For those of us with short memories, it can be difficult to understand the militant absolutism of the National Rifle Association. How did the group get so powerful? Why does it refuse to compromise, even when compromise seems inescapable? Has it always expressed contempt for the federal government?
In an illuminating and timely look back at the NRA, reporters Joel Achenbach, Scott Higham, and Sari Horwitz of The Washington Post answer these questions and more. With President Obama, Gov. Andrew Cuomo of New York, Mayor Michael Bloomberg of New York City, and others pushing for new gun-control legislation, it's useful to know more about the NRA, to get a sense of how it might respond to this new legislative push.

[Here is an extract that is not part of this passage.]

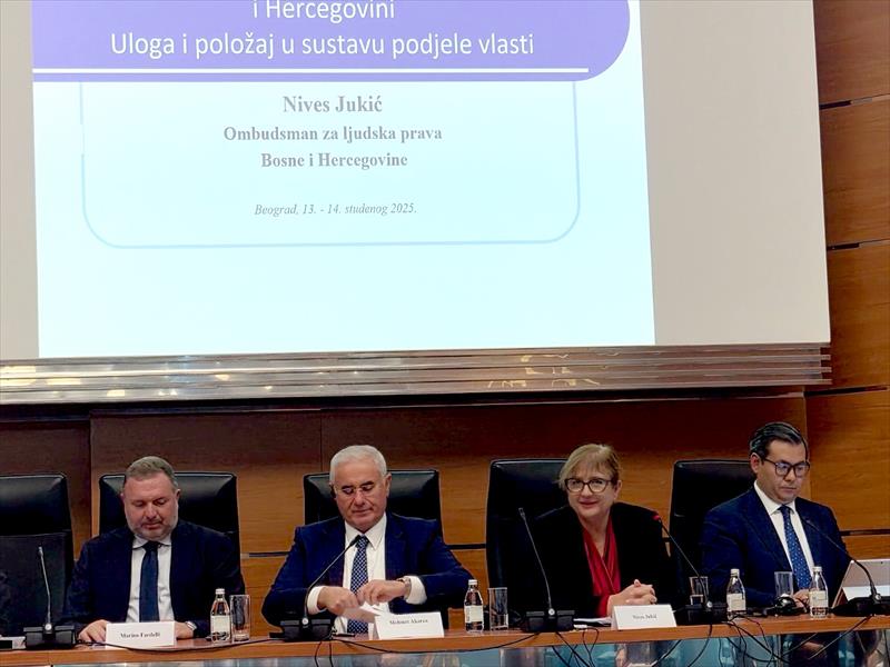 Ombudsman's Activities | 13.11.2025 Ombudsmeni Nives Jukić i dr. Nevenko Vranješ na obilježavanju 20. godina rada Ombudsmena Srbije Ombudsmen Nives Jukić and dr. Nevenko Vranješ at the celebration of the 20th anniversary of the work of the Ombudsman of Serbia Ombudsmeni Bosne i Hercegovine Nives Jukić i dr. Nevenko Vranješ učestvuju u radu naučne konferencije „Zaštitnik građana – Prvih 20 godina“, koja se održava u Beogradu 13. i 14. novembra 2025. godine u organizaciji Zaštitnika građana Republike Srbije, Univerziteta za kriminalistiku i policijske studije i Instituta za uporedno pravo. Na konferenciji organizovanoj u okviru obilježavanja ovog značajnog jubileja ombudsmenka Jukić će izlagati u okviru tematske cjeline „Pravna priroda institucije ombudsmana u sistemu podjele vlasti“, a ombudsman dr Vranješ u okviru tematske cjeline „Zaštitnik građana – pravni položaj i perspektive razvoja“. Učesnici konferencije su ombudsmeni iz regiona, predstavnici vlasti, međunarodnih i nevladinih organizacija, akademske zajednice, medija i dr. Useful Links Cooperation with NGO Agreements of the Ombudsperson Institution of BiH with other ombudsman institutions Freedom of Access to Information Marrakech Declaration, 12th October 2018 Operational Strategy of the Institution of Human rights Ombudsman of Bosnia and Herzegovina for the Period 2023 – 2028 Medium-Term Plan 2025-2027 Medium-Term Plan 2024-2026 Ombudsman Manual for handling discrimination cases Guidelines for filling in the complaints in the area of discrimination Application before European Court of Human Rights - Instruction The life of an application before the European Court of Human Rights News Archive We are protecting rights of natural persons and legal entities in accordance with the Constitution of BiH and international human rights instruments...Ombudsmen of BiH Ombudsman's ActivitiesOmbudsmeni Nives Jukić i dr. Nevenko Vranješ na obilježavanju 20. godina rada Ombudsmena SrbijeOmbudsmenka dr. Jasminka Džumhur učestvuje na konferenciji u okviru projekta „Jačanje zaštite ljudskih prava u aktivnostima poslovnog sektora BiH“Ombudsmen dr. Nevenko Vranješ na obilježavanju 20 godina niškog OmbudsmenaOmbudsmenka dr. Jasminka Džumhur u posjeti KPZ-u ZenicaOmbudsmenka Nives Jukić na konferenciji o izgradnji sistema koji će djecu trajno zaštititi od svih oblika nasiljaOmbudsmenke na Okruglom stolu o životu bez preprekaActivities Archive Latest publications Annual Report on results of the activities of the Institution of Human Rights Ombudsman of BiH for 2024P-83/25 - Recommendation regarding the treatment of the 31st child who was found unaccompanied by his parents in the Brcko District of Bosnia and HerzegovinaP-24/25 - Initiative to adopt the Law on Freedom of Access to Information of the Brčko District of Bosnia and HerzegovinaSpecial report regarding the prevention of the risk of statelessness in Bosnia and Herzegovina, November 2024

Achenbach and company begin with what's known among gun advocates as the Revolt at Cincinnati on May 21, 1977. That was the night "a rump group of gun-rights radicals took over the annual meeting of the National Rifle Association," the reporters write. Until then, the NRA had been focused on "hunting, conservation, and marksmanship," keeping busy with such projects as teaching Boy Scouts to shoot and encouraging outdoor recreation. But the leader of the revolt, one Clifford Neal Knox, had an entirely different agenda:
He wanted to roll back gun laws, even the ones that restricted the sale of machine guns. He believed that gun-control laws threatened basic American freedoms, that there were malign forces that sought nothing less than total disarmament. There would come a point when Knox would suggest that the assassinations of the 1960s and other horrors might have been part of a gun-control plot: “Is it possible that some of those incidents could have been created for the purpose of disarming the people of the free world? With drugs and evil intent, it’s possible. Rampant paranoia on my part? Maybe. But there have been far too many coincidences to ignore” (Shotgun News, 1994).
Achenbach, Higham, and Horwitz report that the NRA has 781 employees, 125,000 volunteers, and that its annual revenue tops $200 million.
Their story does a lot to explain why the NRA believes and behaves as it does, a valuable contribution at a time when so much of the coverage is focused on arguments between pro- and anti-gun forces. I recommend it.